Durant le mouvement des gilets jaunes, on a d'ailleurs rapporté de nombreuses blessures - ainsi que la mort de Zineb Redouane dans son appartement à Marseille - dont des manifestants éborgnés. Ruth Elkrief a cherché à savoir s'il regrettait ces actes.

Le député, élu dans les Alpes-de-Haute-Provence, a rétorqué: "Je regrette mais je regrette cette ultra-violence qui est venue pour casser la République. Il fallait résister et nos policiers ont résisté à cela". Plus tard, il a tout de même concédé: "Alors oui, je regrette toutes les personnes qui ont été blessées, mais des deux côtés".

Le rôle des syndicats dans les politiques du ministère de l'Intérieur et dans un durcissement policier a parfois été souligné dans le débat public, notamment autour de la rédaction de l'article 24, texte si contesté de la loi sur la sécurité globale et qui doit d'ailleurs être réécrit.

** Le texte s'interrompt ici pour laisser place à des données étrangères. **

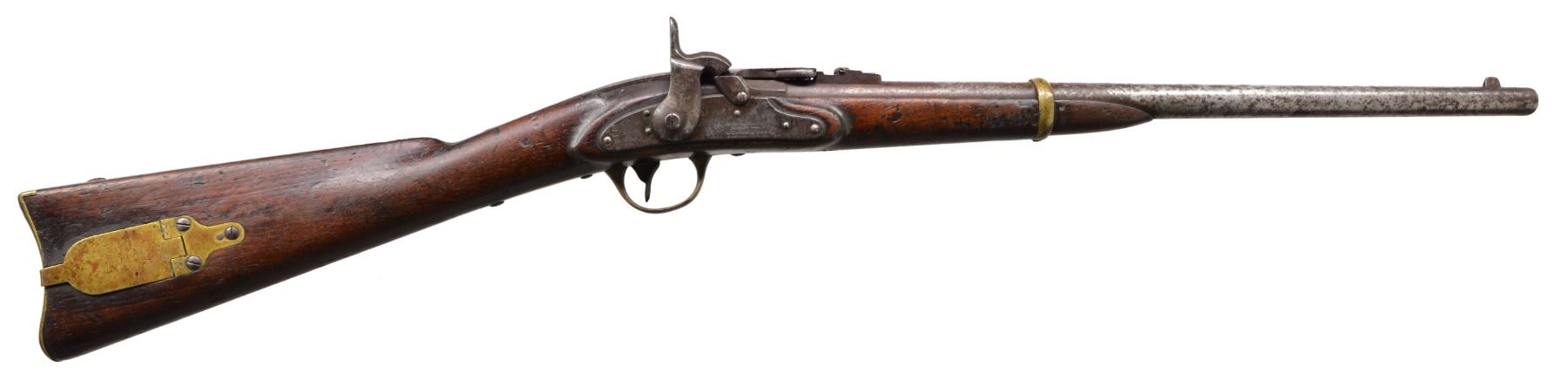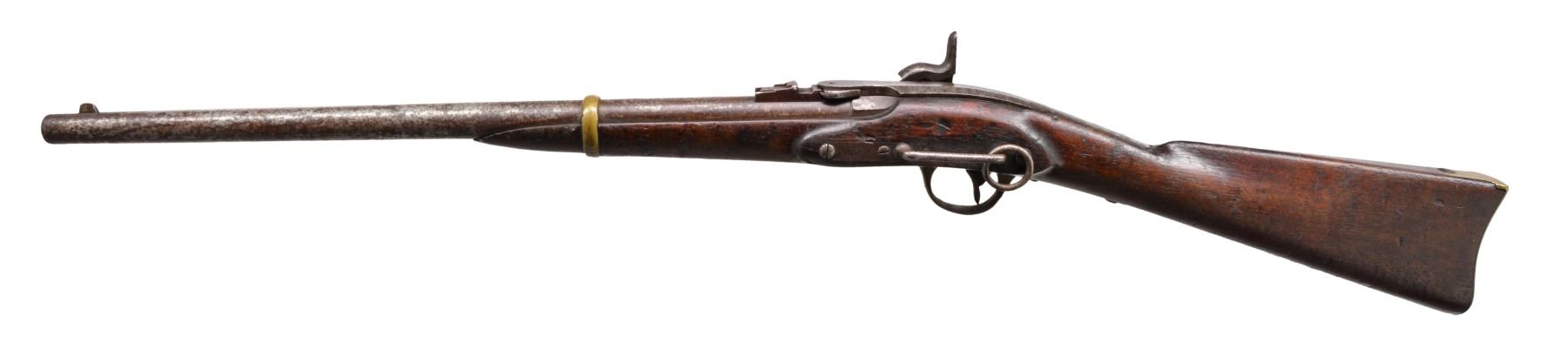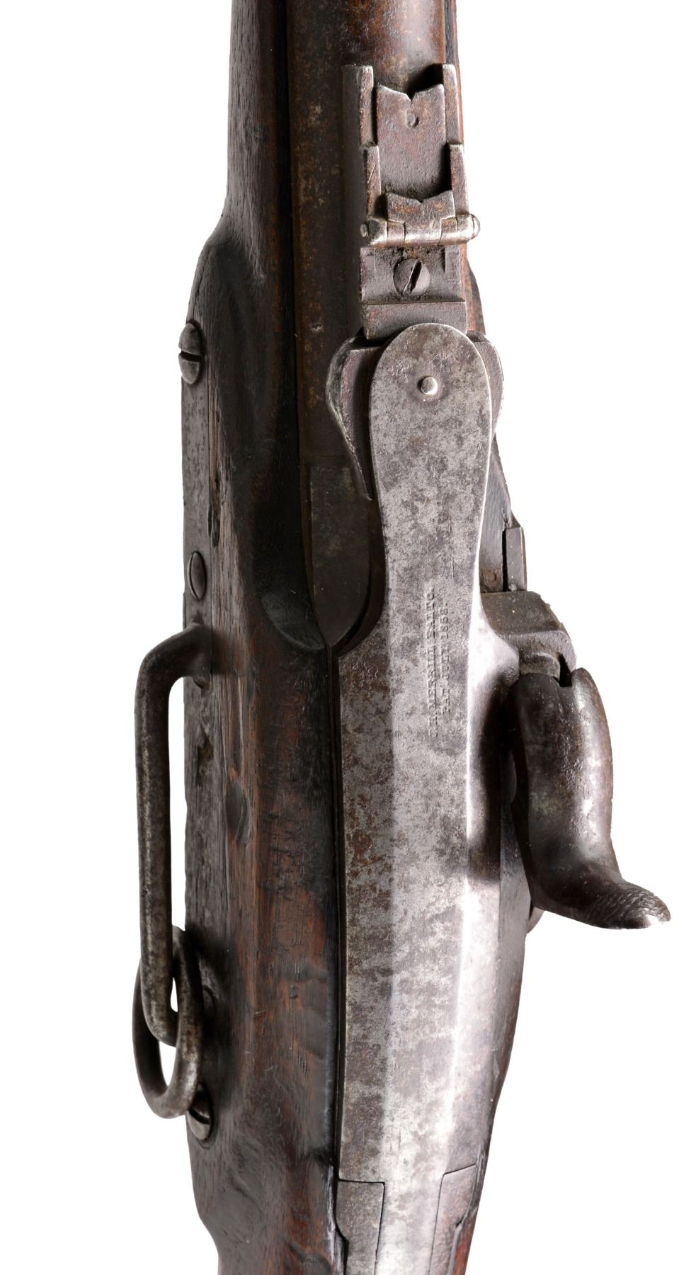 Cal. 54. S# 7382/7655. Merrill carbines came out early in the Civil War & were made famous by Grierson's Cavalry in the western theatre. John Wayne's role in "The Horse Soldiers" was based on Grierson, though John Wayne's men did not carry Merrills in the movie. Standard configuration w/ 22 1/8" bbl., brass mounted. Unique lever activated breech marked "J.H MERRILL BALTO. / PAT. JULY 1858". Breech has S# "7655". Lock is marked "J.H. MERRILL BALTO. / PAT. JULY 1858 / APL. 9 MAY 21-28-61". Lock is S# "7382". Even though S#s do not match, the gun appears to have been in this configuration since the war w/ matching fit, color & patina. CONDITION: good to very good overall, complete & original. Metal is overall mixed gray/brown patinas. Brass has dark mustard patinas. Stock is sound & solid w/ numerous cosmetic blemishes. 1 Cartouche can be discerned in outline. Mechanically functional w/ discernable rifling & dark bore. (01-17088/JS). ANTIQUE. $1,500-2,000.

"84% des policiers sont syndiqués, c’est un record historique", a-t-il poursuivi. "Par volonté militante mais aussi on sait que les avancements, les mutations passent aussi par ces échelons-là, ce n’est pas forcément la meilleure façon. Parfois, les patrons d’unité ont du mal à parler avec leur base, notamment à cause de cette présence syndicale, ce sont des sujets sur lesquels il faut faire bouger le ministère. J’ai d’ailleurs eu des interlocuteurs qui voulaient faire bouger cela", a enfin glissé Christophe Castaner.